■ PROBLEM TO WORK ON:
Repeat the data that follows, word for word, without the images.

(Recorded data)
● ● ● ● ●

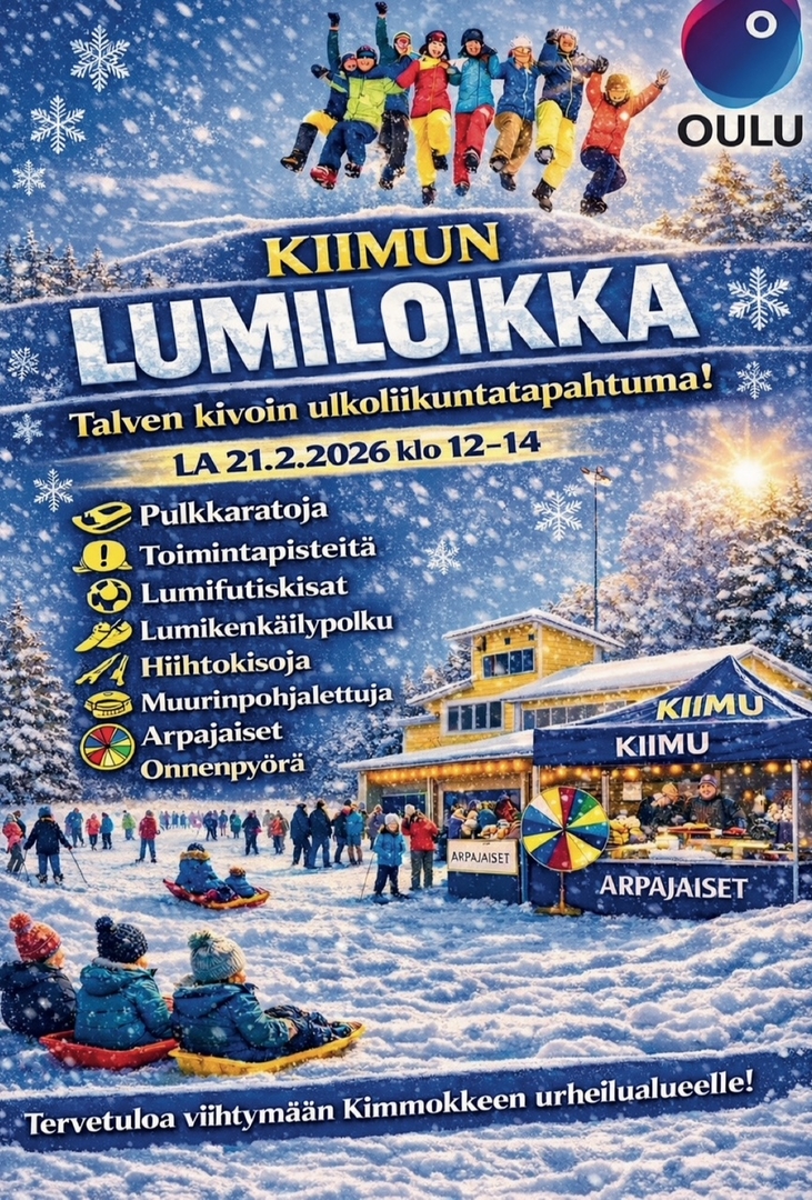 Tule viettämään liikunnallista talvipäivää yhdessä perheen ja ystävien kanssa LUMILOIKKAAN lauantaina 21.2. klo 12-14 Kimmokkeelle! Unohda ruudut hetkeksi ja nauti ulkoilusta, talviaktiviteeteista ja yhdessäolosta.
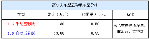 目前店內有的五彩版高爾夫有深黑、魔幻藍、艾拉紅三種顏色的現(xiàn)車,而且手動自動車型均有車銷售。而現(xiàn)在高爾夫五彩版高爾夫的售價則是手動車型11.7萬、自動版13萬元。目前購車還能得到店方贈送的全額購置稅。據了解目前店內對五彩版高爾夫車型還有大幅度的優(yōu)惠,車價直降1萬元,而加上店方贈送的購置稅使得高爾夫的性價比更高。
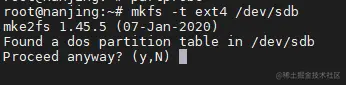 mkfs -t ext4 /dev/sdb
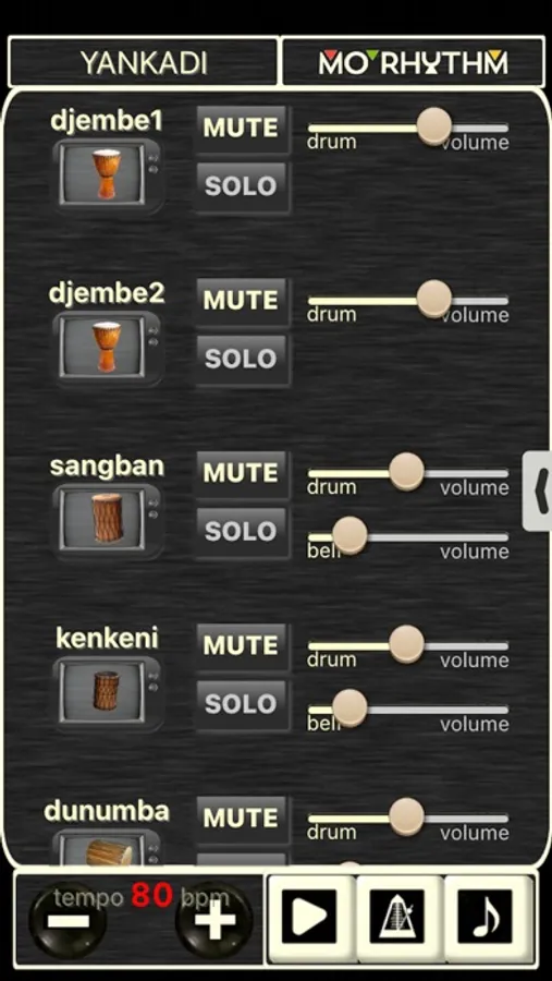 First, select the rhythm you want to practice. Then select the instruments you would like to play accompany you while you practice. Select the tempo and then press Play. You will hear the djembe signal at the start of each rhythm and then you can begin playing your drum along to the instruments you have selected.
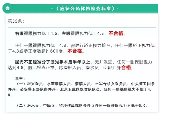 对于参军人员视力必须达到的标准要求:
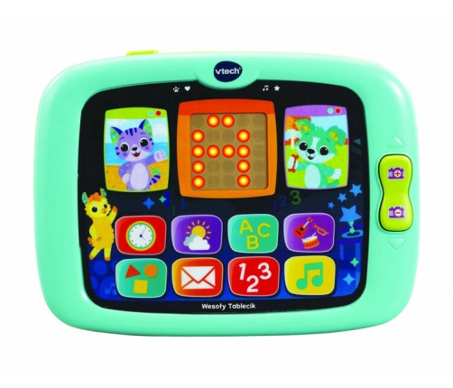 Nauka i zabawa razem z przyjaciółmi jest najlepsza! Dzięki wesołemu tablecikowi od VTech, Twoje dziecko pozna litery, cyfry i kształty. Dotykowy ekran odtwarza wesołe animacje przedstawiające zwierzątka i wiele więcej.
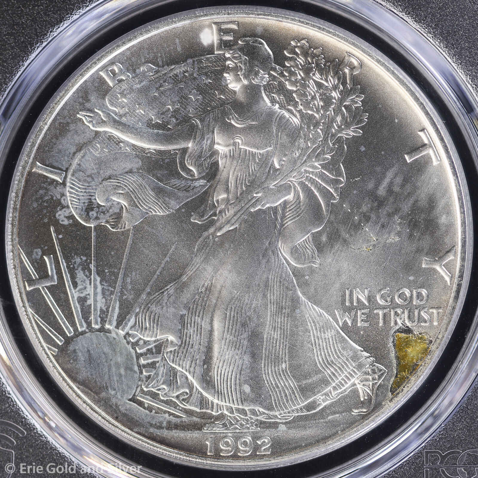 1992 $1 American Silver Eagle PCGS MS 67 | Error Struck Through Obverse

● ● ● ● ●

■ WRITTEN REPLY:
 Tule viettämään liikunnallista talvipäivää yhdessä perheen ja ystävien kanssa LUMILOIKKAAN lauantaina 21.2. klo 12-14 Kimmokkeelle! Unohda ruudut hetkeksi ja nauti ulkoilusta, talviaktiviteeteista ja yhdessäolosta.
 目前店內有的五彩版高爾夫有深黑、魔幻藍、艾拉紅三種顏色的現(xiàn)車,而且手動自動車型均有車銷售。而現(xiàn)在高爾夫五彩版高爾夫的售價則是手動車型11.7萬、自動版13萬元。目前購車還能得到店方贈送的全額購置稅。據了解目前店內對五彩版高爾夫車型還有大幅度的優(yōu)惠,車價直降1萬元,而加上店方贈送的購置稅使得高爾夫的性價比更高。
 mkfs -t ext4 /dev/sdb
 First, select the rhythm you want to practice. Then select the instruments you would like to play accompany you while you practice. Select the tempo and then press Play. You will hear the djembe signal at the start of each rhythm and then you can begin playing your drum along to the instruments you have selected.
 对于参军人员视力必须达到的标准要求:
 Nauka i zabawa razem z przyjaciółmi jest najlepsza! Dzięki wesołemu tablecikowi od VTech, Twoje dziecko pozna litery, cyfry i kształty. Dotykowy ekran odtwarza wesołe animacje przedstawiające zwierzątka i wiele więcej.
 1992 $1 American Silver Eagle PCGS MS 67 | Error Struck Through Obverse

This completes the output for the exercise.